**Input data:**

▶

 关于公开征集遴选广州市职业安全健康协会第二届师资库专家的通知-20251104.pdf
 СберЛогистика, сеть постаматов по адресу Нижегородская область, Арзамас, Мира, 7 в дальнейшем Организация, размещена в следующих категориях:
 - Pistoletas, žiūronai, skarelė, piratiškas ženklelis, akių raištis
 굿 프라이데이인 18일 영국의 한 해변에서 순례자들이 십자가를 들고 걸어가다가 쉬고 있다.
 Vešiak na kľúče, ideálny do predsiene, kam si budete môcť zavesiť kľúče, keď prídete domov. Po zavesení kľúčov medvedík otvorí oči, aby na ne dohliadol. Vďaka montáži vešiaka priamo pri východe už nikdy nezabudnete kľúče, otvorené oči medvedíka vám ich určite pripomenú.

◀
▶

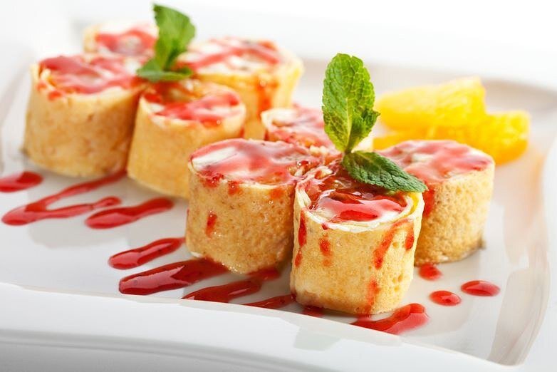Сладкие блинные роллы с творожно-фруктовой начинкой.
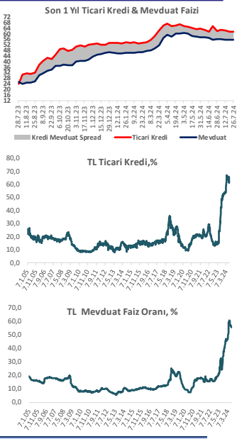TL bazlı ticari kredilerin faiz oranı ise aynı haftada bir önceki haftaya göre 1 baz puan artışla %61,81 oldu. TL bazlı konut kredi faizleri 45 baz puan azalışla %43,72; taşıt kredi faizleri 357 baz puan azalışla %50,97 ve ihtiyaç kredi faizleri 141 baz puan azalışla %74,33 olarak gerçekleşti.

◀

**Exercise:**
Only the lines starting at the one with "Сладкие блинные роллы" and ending at the one with "TL bazlı ticari" should be printed, each exactly as it appears in the material above; the pictures are to be omitted.

**Response to the task:**
Сладкие блинные роллы с творожно-фруктовой начинкой.
TL bazlı ticari kredilerin faiz oranı ise aynı haftada bir önceki haftaya göre 1 baz puan artışla %61,81 oldu. TL bazlı konut kredi faizleri 45 baz puan azalışla %43,72; taşıt kredi faizleri 357 baz puan azalışla %50,97 ve ihtiyaç kredi faizleri 141 baz puan azalışla %74,33 olarak gerçekleşti.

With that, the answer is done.